1924-1953: An endurance Grand Prix

The managers of the Royal Automobile Club of Belgium, aware of the importance of organizing their own Endurance Grand-Prix, build up their first 24 Hours of Belgium. This race was a test for the production of the Belgian manufacturers willing to meet the challenge against the foreign competitors.

1964-1988: The ordinary everyday car!

The rebirth, and in the meantime, the creation of the ‘modern’ 24 Hours of Spa in 1964 was the direct consequence of the growing popularity for touring car races. In the Golden Sixties, the automobile reigned supreme and the importers or manufacturers’ representatives understood the advantages of those races, which where seen as successful advertising campaigns for everyday cars.

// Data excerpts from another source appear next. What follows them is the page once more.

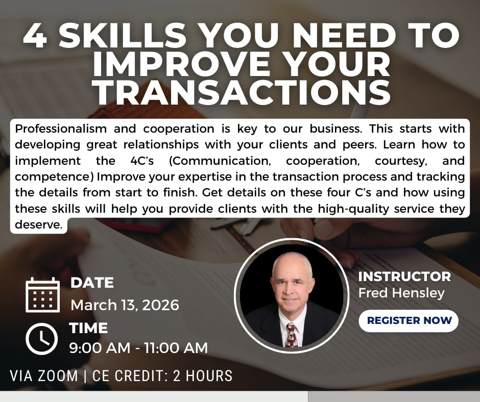 Professionalism and cooperation is key to our business. This starts with developing great relationships with your clients and peers. Learn how to implement the 4C’s (Communication, cooperation, courtesy, and competence) Improve your expertise in the transaction process and tracking the details from start to finish. Get details on these four C’s and how using these skills will help you provide clients with the high-quality service they deserve.
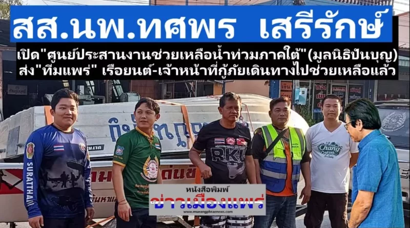 การเมืองสังคม พฤศจิกายน 26, 2025 admin นพ.ทศพร เสรีรักษ์ สมาชิกสภาผู้แทนราษฎรจังหวัดแพร่ เปิด “ศูนย์ประสานงานช่วยเหลือน้ำท่วมภาคใต้”(มูลนิธิปันบุญ) พร้อมส่งทีมแพร่ เรือยนต์-เจ้าหน้าที่กู้ภัยไปช่วยเหลือแล้ว นพ.ทศพร เสรีรักษ์ ส Read More
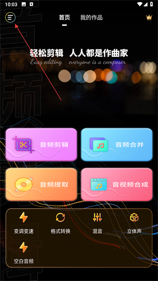 1、打開音頻剪輯提取器應用,點擊界面左上角的菜單按鈕,進入個人功能頁面。
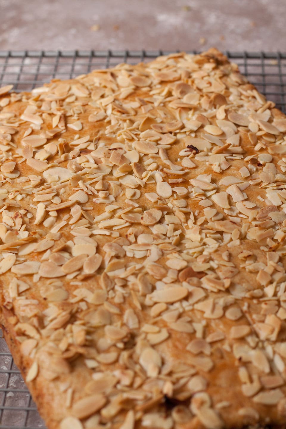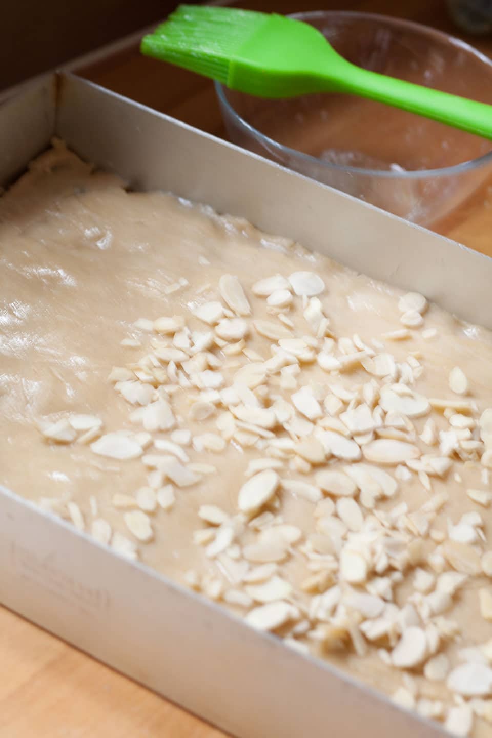 • Brush the top of the pastry with a little egg white, then sprinkle the almonds on top.
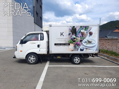 탑차·트럭 K컨벤션웨딩홀 [작업차량] 1T탑차 [차량색상] 화이트[랩핑타입] 탑3면 전체랩핑..
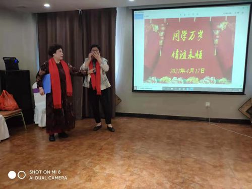 宴會大廳內(nèi)喜慶溫馨,PPT大屏幕上“同學(xué)萬歲 情誼永恒”八個大字突出這次同學(xué)聚會的鮮明主題。紅色橫幅“旗山礦校六七屆同學(xué)51年慶典聚會”映入眼簾。
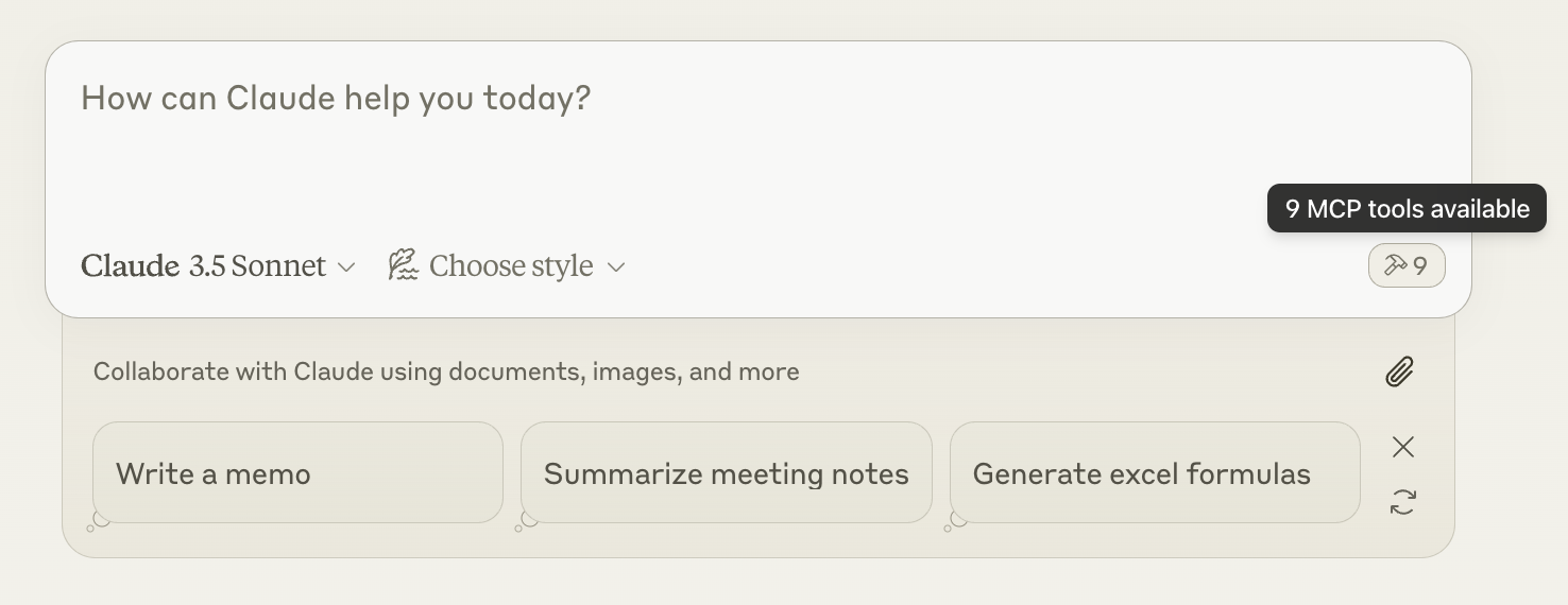 更新配置文件后,您需要重新启动 Claude 桌面版。 重新启动后,您应该在输入框的右下角看到一个锤子
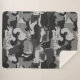 Una blanda manta Sherpa para los amantes del gato. Patrón de camuflaje gris con gatos y gatitos lindos, divertidos y geniales. ©Jenn Inashvili
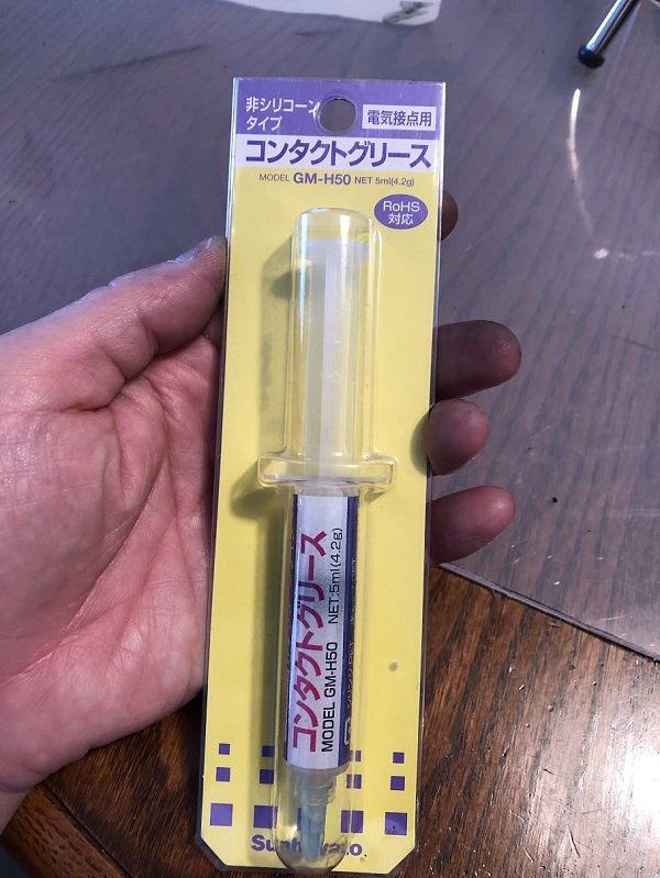 次に、端子パーツの擦れる箇所に、シリコングリスを薄く塗布しました。
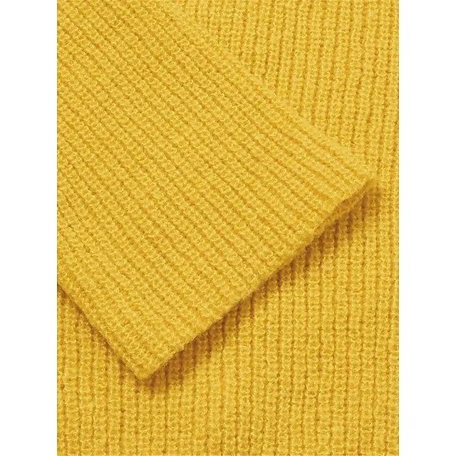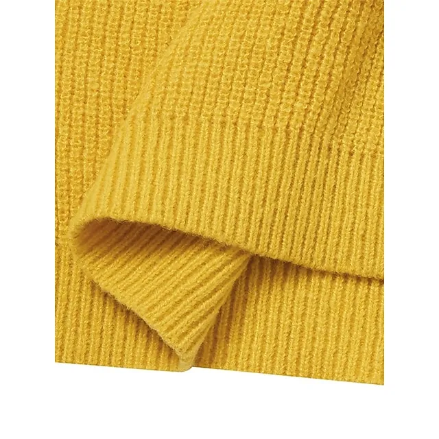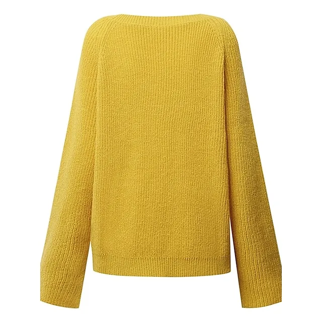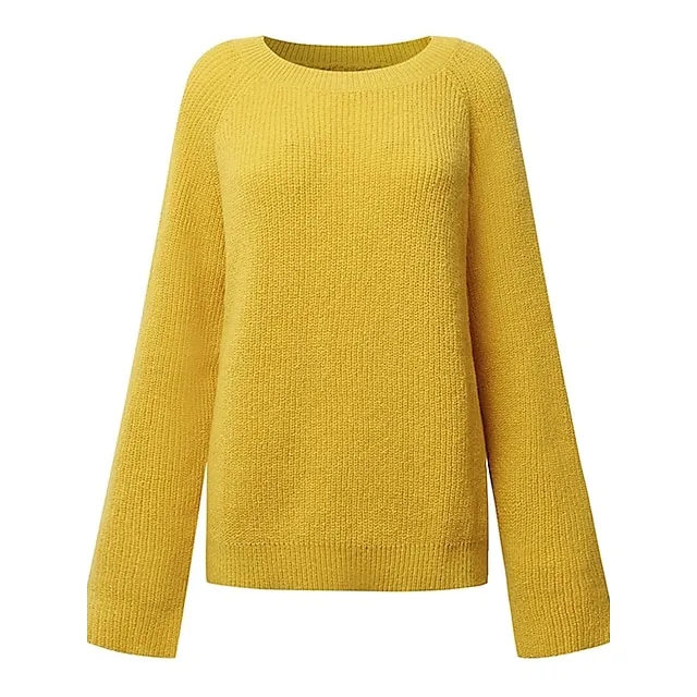Women’s Pullover Sweater Jumper Crew Neck Ribbed Knit Polyester Oversized Fall Winter Regular Daily Going out Weekend Stylish Casual Soft Long Sleeve Solid Color Black Yellow Navy Blue S M L
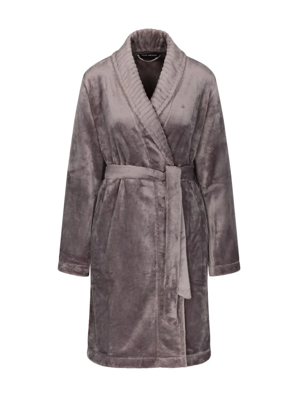 Polyester winter robe. Side pockets & tie-belt. Fluffy fleeced ribbed collar. Machinewasbaar. 100% katoen. Waarschuwing: weg houden bij vuur en vlammen.
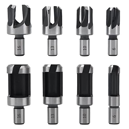 Fixinus 8 stycken träplugg fräs borrset, tapp fräs kolstål plugg plugg plugg borr set plugg hål fräs 6 mm/10 mm/13 mm/16 mm för handborr träbearbetning
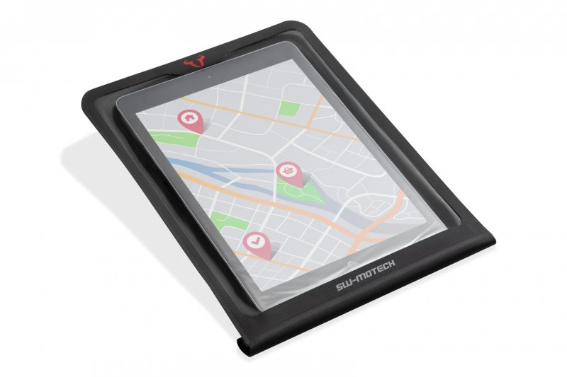 The waterproof Tablet-Drybag is the right transport solution for maps and tablets on PRO tank bags: with two retention arms, the Tablet-Drybag is inserted into the MOLLE system and additionally secured by an elastic band on the tank bag. You can adjust the position of the Tablet-Drybag on the MOLLE attachment to suit your needs. You can find detailed information on how to attach the Tablet -Drybag to the MOLLE attachment in the operating instructions. The tablet itself is waterproof in the plastic case with a large clear PVC window. With the Tablet-Drybag, almost all standard-sized devices can be mounted on the motorcycle for safe navigation. Alternatively, the Tablet-Drybag can also be used for conventional road maps.
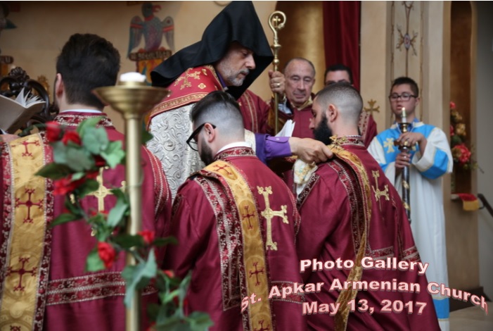 The faithful of St. Apkar Armenian Church received the blessings of His Eminence Archbishop Hovnan Derderian, Primate, who travelled to Scottsdale on May 13, 2017. On his pastoral visit, His Eminence granted four minor orders of acolyte to Hagop Alashanian, William Papazian, Michael Papazian and Sam Brown.
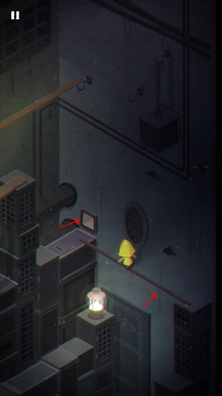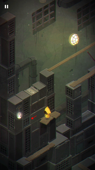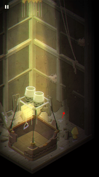 1、游戏刚开始时,摩诺正用门抵御外界的攻击,第一关开启时他被困在一个类似吊篮的地方,需要按住拉杆才能让自己降到地面。
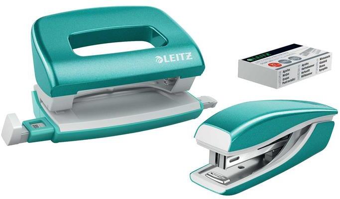 Leitz Tűzőgép és lyukasztó szett, 10 lap, fém, LEITZ Wow Mini , jégkék (E55612051)
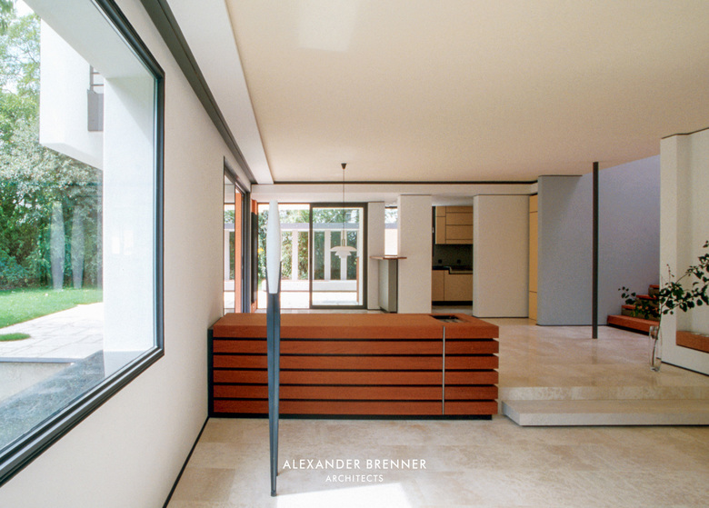 Die holzverkleidete Wand des Sockelgeschosses, in dem auch die Garage integriert ist, leitet den Ankommenden zum Grundstückszugang. Von hier aus gelangt man über eine Treppe zum Eingang auf der Wohnebene. Auf dieser Ebene sind in einem offenen Raum auch der Essbereich und die Küche. Ebenso wie im Obergeschoss öffnen sich hier die Räume über große Glasflächen nach Süden und Westen zum Garten.
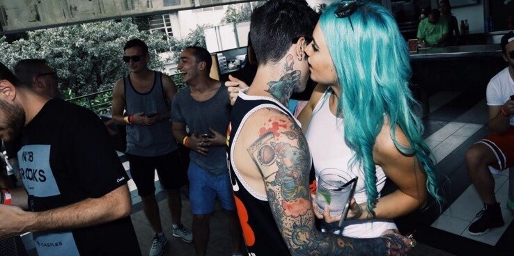 Il rapper è partito per Miami dove ha corteggiato spudoratamente (anche via social) la dj australiana TigerLily, nome d'arte di Dara Kristen Hayes. Ecco le foto che testimoniano il loro "flirt" (per scherzo o per davvero?) e alcuni scatti che mostrano tutta la sensualità della bella disc jockey dai capelli azzurri.
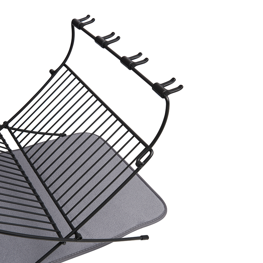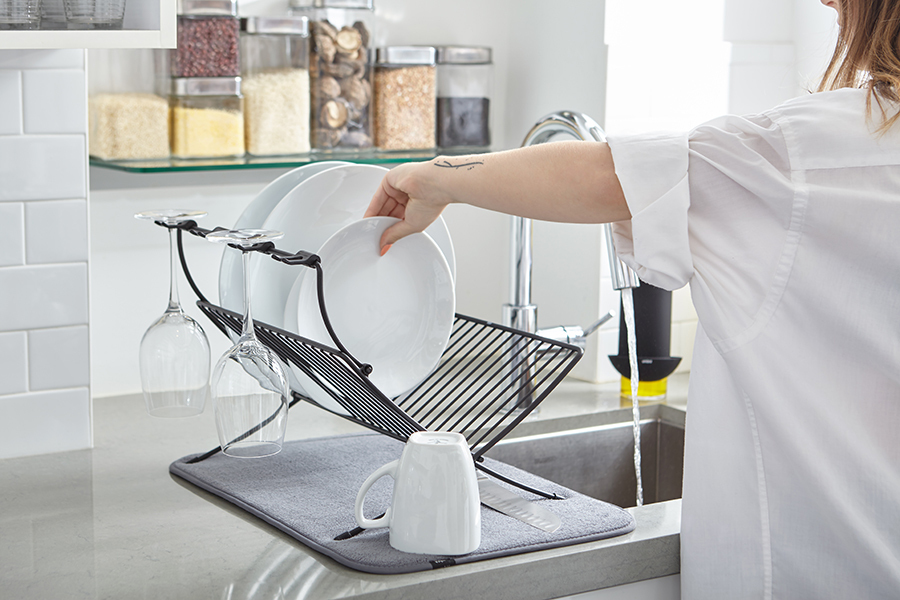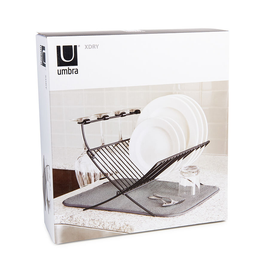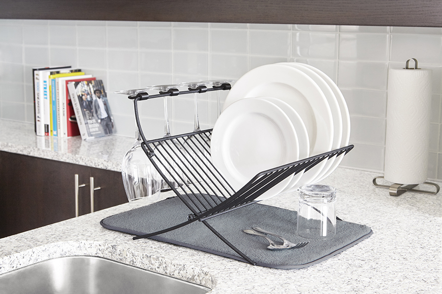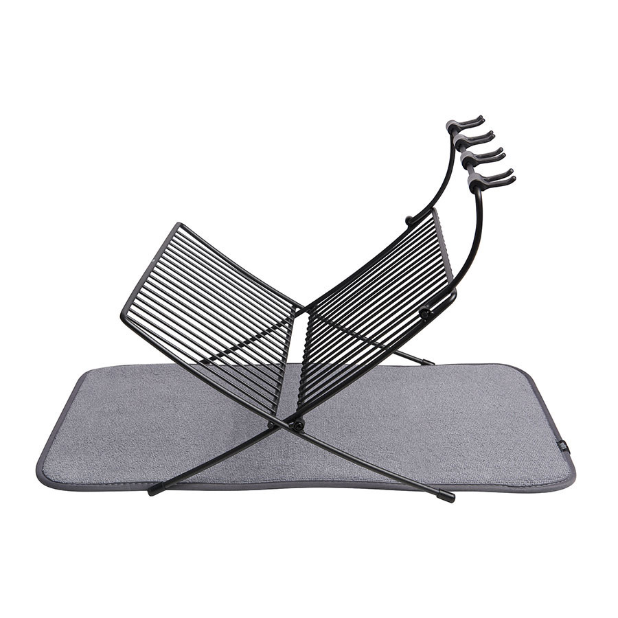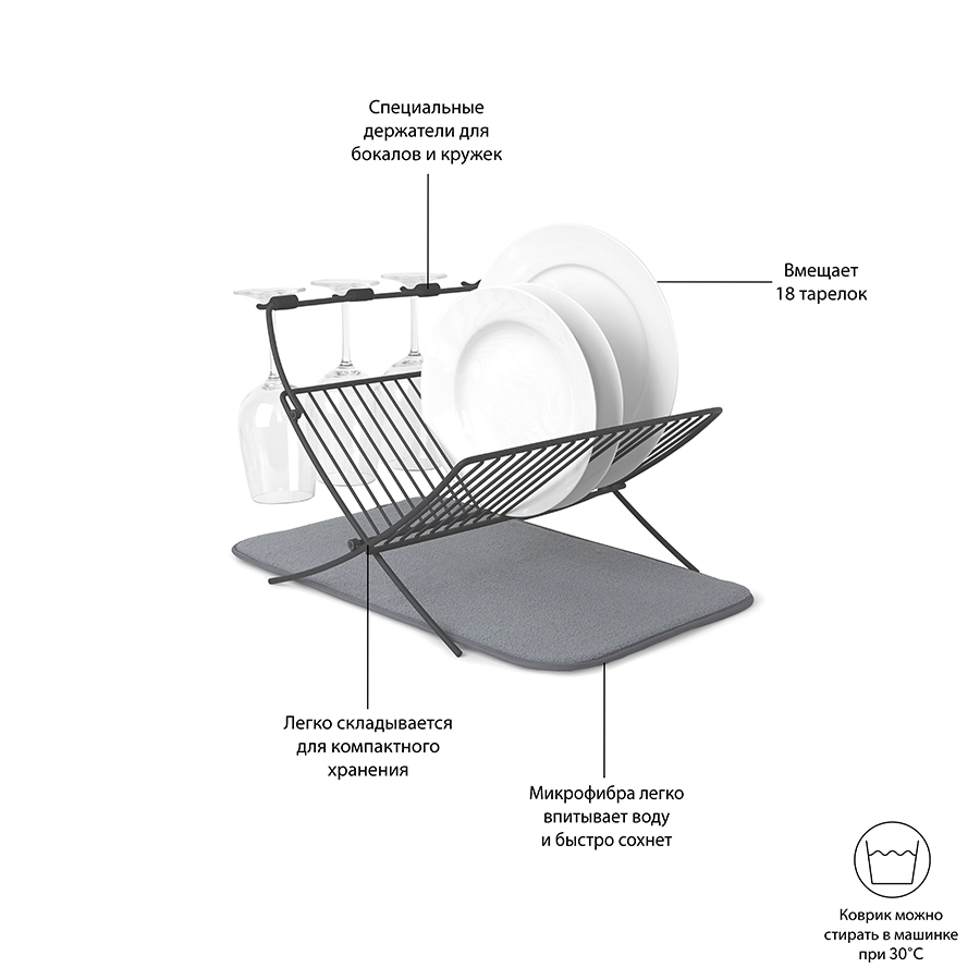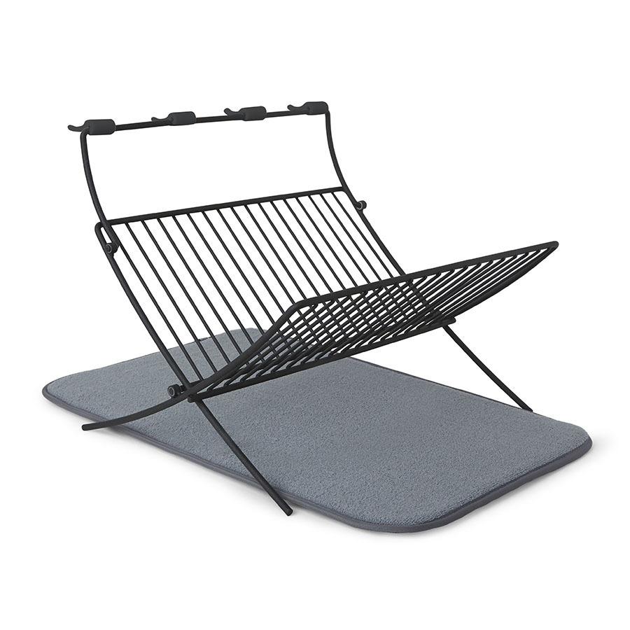 Функциональный предмет 2-в-1, в котором объединены коврик из микрофибры и подставка для сушки посуды. На коврике удобно сушить чашки, стаканы и глубокие миски, а на сушкилке тарелки, блюдца и винные бокалы. Сушилка рассчитана на 17 тарелок или блюд и 4 бокала. Специальный высокий кронштейн позволяет сушить бокалы в подвешенном состоянии, предотвращая образование конденсата. Сушилка компактно складывается для хранения. Дизайнер David Green
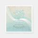 This paper napkin in the soft colours of sea and sand allows you to easily add your own name and text using the provided template. The simple palm trees image on a distressed, watercolor background is highlighted by a wave accent in aqua and white. Search ID623 to see coordinating seaside elements and additional products with this design.

1989-2010: From Touring to Grand Touring

After the cancellation of the European Touring Car Championship in 1988, the organizers were no longer able to rely on an existing championship, so there no longer was a uniform rulebook able to guarantee a quality field. From then on, the organizers looked endlessly for the ideal format, sometimes typically Belgian, bringing a new energy to the event. The solution came in 2001, when the SRO Motorsports Group included the race in the FIA GT championship. From now on the big and powerful GT’s would rule Spa.

2011-...: Crown jewel of a new championship

After the cancellation of the FIA GT championship in 2009 there were some dark clouds gathering over Spa, but a solution was at hand: from 2011 the Total 24 Hours of Spa became the headliner of the Blancpain Endurance Series, a new initiative of the SRO Motorsports Goup. The new championship is reserved for GT3-cars and has an enormous success, resulting in 60-car starting grids. In 2015 SRO creates the Blancpain GT Series, combining endurance and sprint races. The Total 24 Hours of Spa remains the blue chip event of the new series, and sees its status confirmed when in 2016 it is included in the new Intercontinental GT Challenge, the first truly global GT3 championship.